___ PROVIDED INFORMATION ___
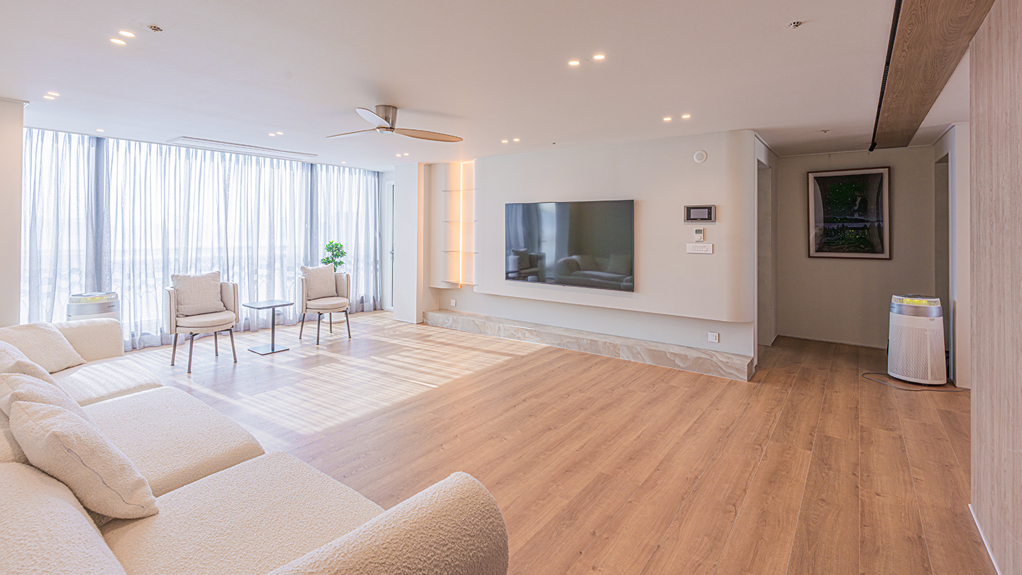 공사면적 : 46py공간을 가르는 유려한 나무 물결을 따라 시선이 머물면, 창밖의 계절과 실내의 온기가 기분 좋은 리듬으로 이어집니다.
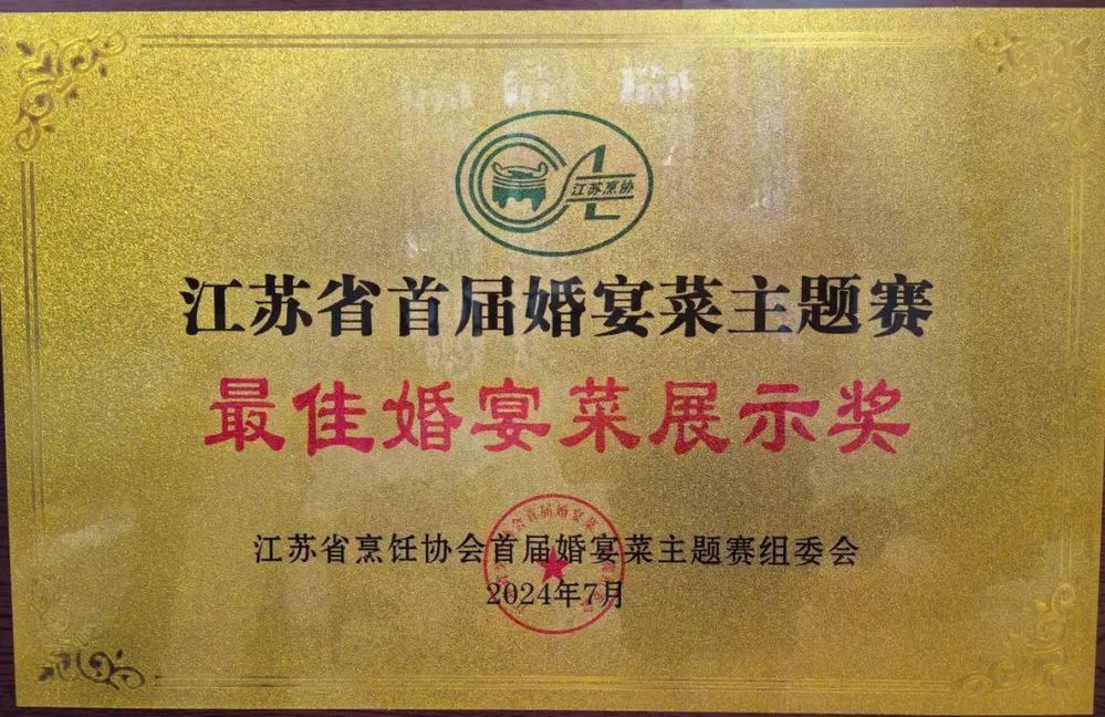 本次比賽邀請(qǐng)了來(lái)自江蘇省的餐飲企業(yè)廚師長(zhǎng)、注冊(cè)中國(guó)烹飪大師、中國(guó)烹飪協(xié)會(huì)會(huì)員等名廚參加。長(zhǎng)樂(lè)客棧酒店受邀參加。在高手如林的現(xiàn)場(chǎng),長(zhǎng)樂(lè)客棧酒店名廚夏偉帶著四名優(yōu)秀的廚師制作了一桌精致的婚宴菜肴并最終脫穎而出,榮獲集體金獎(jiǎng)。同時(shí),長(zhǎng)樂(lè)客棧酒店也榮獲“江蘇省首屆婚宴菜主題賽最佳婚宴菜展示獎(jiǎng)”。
___
___ PROVIDED INFORMATION ___
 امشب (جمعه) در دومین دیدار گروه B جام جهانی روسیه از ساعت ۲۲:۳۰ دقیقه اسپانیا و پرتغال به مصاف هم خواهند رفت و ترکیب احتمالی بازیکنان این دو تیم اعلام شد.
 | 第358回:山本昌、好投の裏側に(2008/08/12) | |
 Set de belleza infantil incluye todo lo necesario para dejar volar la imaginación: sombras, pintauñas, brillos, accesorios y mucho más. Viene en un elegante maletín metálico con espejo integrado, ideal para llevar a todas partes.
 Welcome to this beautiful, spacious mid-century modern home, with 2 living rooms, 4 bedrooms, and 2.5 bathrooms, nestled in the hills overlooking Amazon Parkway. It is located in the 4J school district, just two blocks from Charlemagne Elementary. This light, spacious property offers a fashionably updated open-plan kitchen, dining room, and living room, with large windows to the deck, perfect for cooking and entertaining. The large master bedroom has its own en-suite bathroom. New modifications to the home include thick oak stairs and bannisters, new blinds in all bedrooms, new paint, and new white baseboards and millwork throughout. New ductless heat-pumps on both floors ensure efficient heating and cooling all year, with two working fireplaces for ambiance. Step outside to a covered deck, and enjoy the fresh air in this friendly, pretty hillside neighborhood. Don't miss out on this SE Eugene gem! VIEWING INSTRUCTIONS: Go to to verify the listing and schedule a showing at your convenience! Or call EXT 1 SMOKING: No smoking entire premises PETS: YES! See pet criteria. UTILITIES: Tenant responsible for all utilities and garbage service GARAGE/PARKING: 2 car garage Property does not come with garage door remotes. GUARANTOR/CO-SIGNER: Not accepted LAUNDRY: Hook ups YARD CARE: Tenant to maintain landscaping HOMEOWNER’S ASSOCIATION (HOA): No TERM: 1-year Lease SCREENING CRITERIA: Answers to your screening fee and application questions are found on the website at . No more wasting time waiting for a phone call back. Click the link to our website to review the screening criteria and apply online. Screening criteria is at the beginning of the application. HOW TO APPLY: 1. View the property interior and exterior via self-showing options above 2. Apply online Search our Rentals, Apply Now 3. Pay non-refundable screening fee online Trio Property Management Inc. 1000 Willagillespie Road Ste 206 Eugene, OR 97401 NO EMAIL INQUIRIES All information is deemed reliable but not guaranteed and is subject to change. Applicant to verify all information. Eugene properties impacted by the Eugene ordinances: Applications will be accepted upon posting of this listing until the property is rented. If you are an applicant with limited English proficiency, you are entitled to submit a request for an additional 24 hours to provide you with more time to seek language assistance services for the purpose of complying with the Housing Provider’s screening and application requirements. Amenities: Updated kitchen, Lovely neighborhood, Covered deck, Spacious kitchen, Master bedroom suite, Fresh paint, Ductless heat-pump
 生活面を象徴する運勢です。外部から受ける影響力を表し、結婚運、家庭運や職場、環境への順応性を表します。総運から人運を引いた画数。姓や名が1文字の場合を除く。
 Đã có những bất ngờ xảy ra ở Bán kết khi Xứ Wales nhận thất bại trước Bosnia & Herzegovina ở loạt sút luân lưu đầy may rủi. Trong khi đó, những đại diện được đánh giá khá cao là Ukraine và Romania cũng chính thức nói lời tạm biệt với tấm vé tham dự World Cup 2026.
___
#### ACTIVITY:
Would you retype the lines above from the one with "امشب (جمعه) در" down to the one with "Set de belleza", word for word, both ends included and no other lines?

#### SOLUTION TO THIS EXERCISE:
 امشب (جمعه) در دومین دیدار گروه B جام جهانی روسیه از ساعت ۲۲:۳۰ دقیقه اسپانیا و پرتغال به مصاف هم خواهند رفت و ترکیب احتمالی بازیکنان این دو تیم اعلام شد.
 | 第358回:山本昌、好投の裏側に(2008/08/12) | |
 Set de belleza infantil incluye todo lo necesario para dejar volar la imaginación: sombras, pintauñas, brillos, accesorios y mucho más. Viene en un elegante maletín metálico con espejo integrado, ideal para llevar a todas partes.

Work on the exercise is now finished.